┌─ Data for analysis

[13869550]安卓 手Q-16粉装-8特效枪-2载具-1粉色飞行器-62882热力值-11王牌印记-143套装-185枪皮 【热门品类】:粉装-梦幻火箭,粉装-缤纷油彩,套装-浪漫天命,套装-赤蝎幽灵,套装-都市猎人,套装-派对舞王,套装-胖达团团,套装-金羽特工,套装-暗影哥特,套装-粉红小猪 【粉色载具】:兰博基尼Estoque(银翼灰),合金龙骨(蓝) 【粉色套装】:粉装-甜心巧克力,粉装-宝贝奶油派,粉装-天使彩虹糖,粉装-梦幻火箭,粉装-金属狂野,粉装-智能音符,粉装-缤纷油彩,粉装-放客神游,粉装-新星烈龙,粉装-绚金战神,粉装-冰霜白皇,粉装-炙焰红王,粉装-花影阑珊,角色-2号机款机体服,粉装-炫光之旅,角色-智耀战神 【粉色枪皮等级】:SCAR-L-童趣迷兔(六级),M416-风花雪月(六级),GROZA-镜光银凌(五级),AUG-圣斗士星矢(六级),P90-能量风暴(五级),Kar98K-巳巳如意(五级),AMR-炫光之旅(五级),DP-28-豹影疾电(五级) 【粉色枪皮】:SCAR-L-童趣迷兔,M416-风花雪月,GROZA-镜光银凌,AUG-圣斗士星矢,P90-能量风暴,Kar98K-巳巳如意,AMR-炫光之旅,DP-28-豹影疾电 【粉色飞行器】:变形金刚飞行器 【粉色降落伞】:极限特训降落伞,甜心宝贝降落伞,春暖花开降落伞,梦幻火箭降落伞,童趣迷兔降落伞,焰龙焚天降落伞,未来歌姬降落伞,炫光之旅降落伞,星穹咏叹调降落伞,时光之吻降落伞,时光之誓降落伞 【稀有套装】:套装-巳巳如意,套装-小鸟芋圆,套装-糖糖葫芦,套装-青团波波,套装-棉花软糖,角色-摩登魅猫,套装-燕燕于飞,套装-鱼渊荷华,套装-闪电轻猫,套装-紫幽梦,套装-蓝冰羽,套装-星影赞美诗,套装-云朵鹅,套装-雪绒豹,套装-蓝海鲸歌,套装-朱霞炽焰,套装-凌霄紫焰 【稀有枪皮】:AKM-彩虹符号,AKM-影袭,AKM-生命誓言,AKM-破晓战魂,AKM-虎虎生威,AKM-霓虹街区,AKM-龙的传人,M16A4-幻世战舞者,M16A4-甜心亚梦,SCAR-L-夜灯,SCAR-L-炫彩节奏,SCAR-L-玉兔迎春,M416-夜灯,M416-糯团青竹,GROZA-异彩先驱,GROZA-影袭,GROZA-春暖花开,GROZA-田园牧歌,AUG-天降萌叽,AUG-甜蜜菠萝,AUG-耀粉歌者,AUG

└─
┌─ Data for analysis

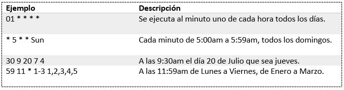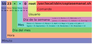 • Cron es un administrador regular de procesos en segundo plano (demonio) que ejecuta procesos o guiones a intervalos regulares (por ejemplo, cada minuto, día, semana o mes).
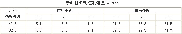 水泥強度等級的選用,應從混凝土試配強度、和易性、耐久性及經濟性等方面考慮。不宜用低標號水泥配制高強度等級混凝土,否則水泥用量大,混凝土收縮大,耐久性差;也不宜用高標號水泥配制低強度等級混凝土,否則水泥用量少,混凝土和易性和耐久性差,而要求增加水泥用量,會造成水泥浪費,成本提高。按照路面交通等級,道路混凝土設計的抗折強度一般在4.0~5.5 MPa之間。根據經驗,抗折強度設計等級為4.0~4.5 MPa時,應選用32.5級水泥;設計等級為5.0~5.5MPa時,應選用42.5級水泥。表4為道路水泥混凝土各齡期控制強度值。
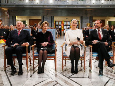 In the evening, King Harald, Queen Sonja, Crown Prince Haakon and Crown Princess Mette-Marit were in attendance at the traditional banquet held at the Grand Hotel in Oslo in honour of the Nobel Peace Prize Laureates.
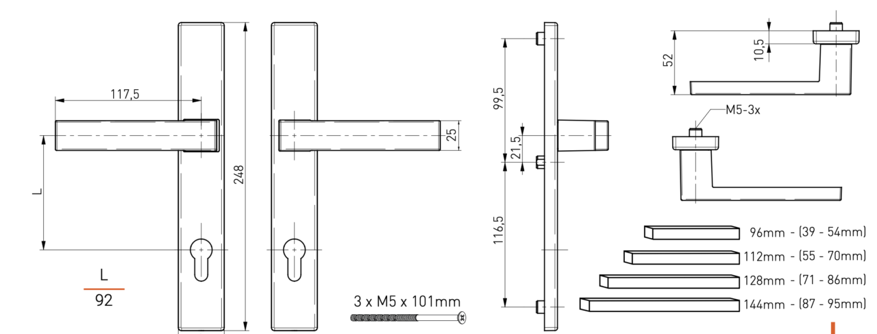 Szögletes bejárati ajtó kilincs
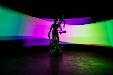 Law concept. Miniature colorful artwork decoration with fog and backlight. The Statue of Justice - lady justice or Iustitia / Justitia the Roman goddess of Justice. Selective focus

└─

**Task details**
Please repeat the lines of the material above exactly, starting with the line that contains "Szögletes bejárati ajtó kilincs" and ending with the line that contains "Law concept. Miniature". Leave the pictures out.

**Answer section**
 Szögletes bejárati ajtó kilincs
 Law concept. Miniature colorful artwork decoration with fog and backlight. The Statue of Justice - lady justice or Iustitia / Justitia the Roman goddess of Justice. Selective focus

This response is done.